Through political opportunism and ineptitude, the city had allowed the department to languish for years as an understaffed and underequipped paramilitary organization. Infected with political bacteria itself, the department was top-heavy with managers while the ranks below were so thin that the dog soldiers on the street rarely had the time or inclination to step out of their protective machines, their cars, to meet the people they served. They only ventured out to deal with the dirt bags and, consequently, [detective Hieronymus] Bosch knew, it had created a police culture in which everybody not in blue was seen as a dirt bag and was treated as such….You ended up with a riot the dog soldiers couldn't control.

Part of the problem was expecting the police to do it alone. That’s why I’ve suggested that every police precinct have a civilian lawyer and a psychotherapist on hand to coach the officers, answer their questions, and – in the case of the therapists – accompany them on cases where their skills might be useful.

In DC, as the cops were taking to squad cars, the Recreation Department was sending “roving leaders” out on the street to work with kids and their gangs. Several decades later, Jim Myers in the Hill Rag described how they did it:

Dennis Homesley, principal of Payne Elementary School, often talks about Roving Leaders. He got his start working with kids as a Roving Leader from 1972 to 1981, and he still believes in the concept.

The program, run by the District's Department of Parks and Recreation, was bigger in Homesley's day. But the idea remains the same: You don't wait for kids to cause trouble. You go out and find the kids who are heading in the wrong direction and help them.

The program seemed to founder in the late 1980s. By the 1990s, it was too easy to spot kids in the neighborhood that the system wasn't reaching - the ones most susceptible to negative influences. Thereafter, you could watch them "progress" on corners and local playgrounds from alienation to car thefts and stick ups or drug selling.
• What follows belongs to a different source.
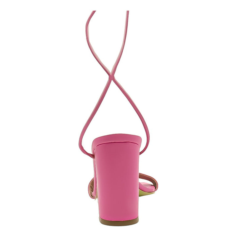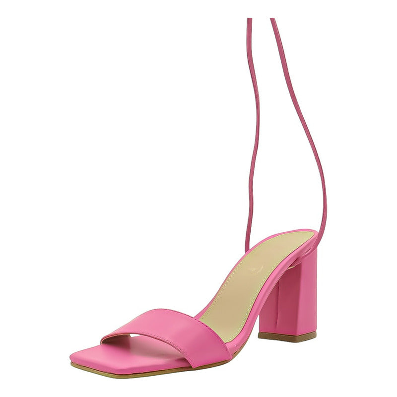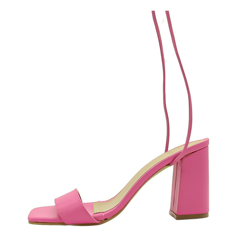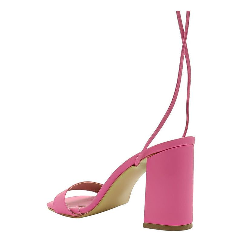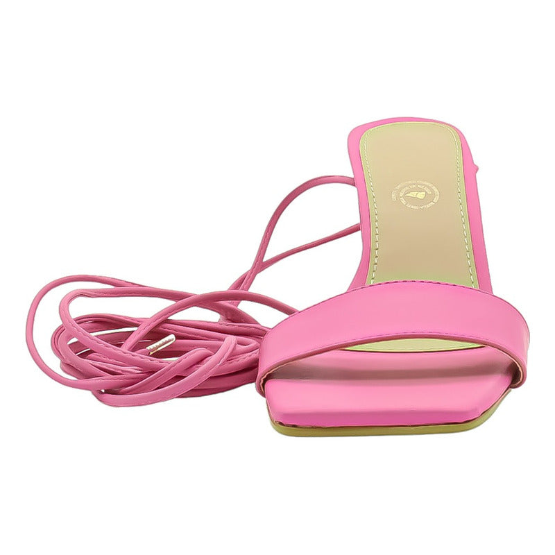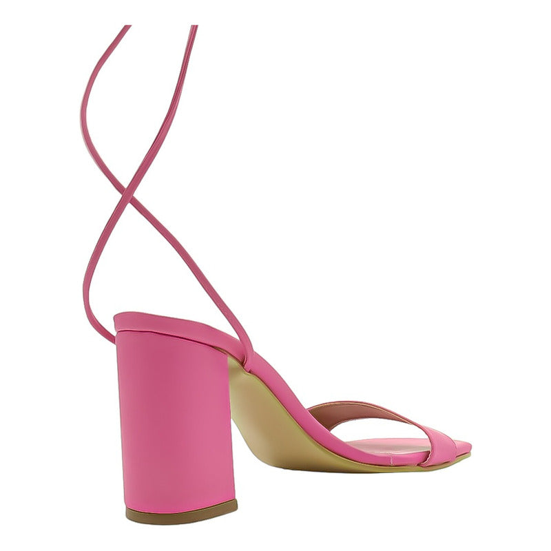 Zapatillas Sandalias Altas Tacón Ancho Gladiador Rosa Chicle 25 Mx

Now, we have Darby Clark and Bridget Miller, the two Roving Leaders who are assigned to work the schools, recreation centers and playgrounds of eastern Capitol Hill. Clark, 37, has been a Roving Leader for seven years. Miller, 41, a gang worker for 20 years, joined Roving Leaders only last year. . .

I saw Clark take a dozen squirming, noisy kids with their attention flying all over the place and turn them into a cooperative, engaged group of youngsters who raised their hands to participate in discussions about having positive attitude.

Magic it wasn't, but a serious change took place before my very eyes. "They want attention and structure - and consistency," says Clark. "Like if I say I'm going to be there for them at a certain time, I've got to be there." It sounds so basic, but these are missing elements in many kids' lives. . .

At Eastern High, Clark picks up names of kids who are not showing up for school - eight or nine kids in some weeks, he says - and visits their homes.